In some instances, the series of acts 600 includes generating the group diversity scores by determining sets of anomalous metric scores for the anomalous metrics associated with the nodes in the connected node groups and generating the group diversity scores by combining the sets of anomalous metric scores. In some cases, the series of acts 600 includes generating the model diversity score by determining the group diversity scores for each connected node group in the graph and generating the model diversity score by averaging the group diversity scores.
FIG. 7 illustrates certain components that may be included within a computer system 700. The computer system 700 may be used to implement the various computing devices, components, and systems described herein (e.g., by performing computer-implemented instructions). As used herein, a “computing device” refers to electronic components that perform a set of operations based on a set of programmed instructions. Computing devices include groups of electronic components, client devices, server devices, etc.
In various implementations, the computer system 700 represents one or more of the client devices, server devices, or other computing devices described above. For example, the computer system 700 may refer to various types of network devices capable of accessing data on a network, a cloud computing system, or another system. For instance, a client device may refer to a mobile device such as a mobile telephone, a smartphone, a personal digital assistant (PDA), a tablet, a laptop, or a wearable computing device (e.g., a headset or smartwatch). A client device may also refer to a non-mobile device such as a desktop computer, a server node (e.g., from another cloud computing system), or another non-portable device.

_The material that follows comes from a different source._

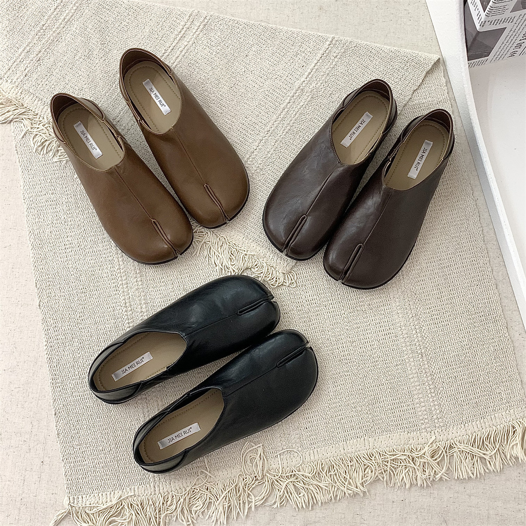 레트로 플랫 슈즈, 돼지발톱 슈즈, 여성용 2025 신상 사계절 여성화, 투웨어 말발굽 슈즈, 여성용 원레그 슈즈

The computer system 700 includes a processing system including a processor 701. The processor 701 may be a general-purpose single- or multi-chip microprocessor (e.g., an Advanced Reduced Instruction Set Computer (RISC) Machine (ARM)), a special-purpose microprocessor (e.g., a digital signal processor (DSP)), a microcontroller, a programmable gate array, etc. The processor 701 may be referred to as a central processing unit (CPU) and may cause computer-implemented instructions to be performed. Although the processor 701 shown is just a single processor in the computer system 700 of FIG. 7, in an alternative configuration, a combination of processors (e.g., an ARM and DSP) could be used.
The computer system 700 also includes memory 703 in electronic communication with the processor 701. The memory 703 may be any electronic component capable of storing electronic information. For example, the memory 703 may be embodied as random-access memory (RAM), read-only memory (ROM), magnetic disk storage media, optical storage media, flash memory devices in RAM, on-board memory included with the processor, erasable programmable read-only memory (EPROM), electrically erasable programmable read-only memory (EEPROM), registers, and so forth, including combinations thereof.
The instructions 705 and the data 707 may be stored in the memory 703. The instructions 705 may be executable by the processor 701 to implement some or all of the functionality disclosed herein. Executing the instructions 705 may involve the use of the data 707 that is stored in the memory 703. Any of the various examples of modules and components described herein may be implemented, partially or wholly, as instructions 705 stored in memory 703 and executed by the processor 701. Any of the various examples of data described herein may be among the data 707 that is stored in memory 703 and used during the execution of the instructions 705 by the processor 701.
A computer system 700 may also include one or more communication interface(s) 709 for communicating with other electronic devices. The one or more communication interface(s) 709 may be based on wired communication technology, wireless communication technology, or both. Some examples of the one or more communication interface(s) 709 include a Universal Serial Bus (USB), an Ethernet adapter, a wireless adapter that operates according to an Institute of Electrical and Electronics Engineers (IEEE) 702.11 wireless communication protocol, a Bluetooth® wireless communication adapter, and an infrared (IR) communication port.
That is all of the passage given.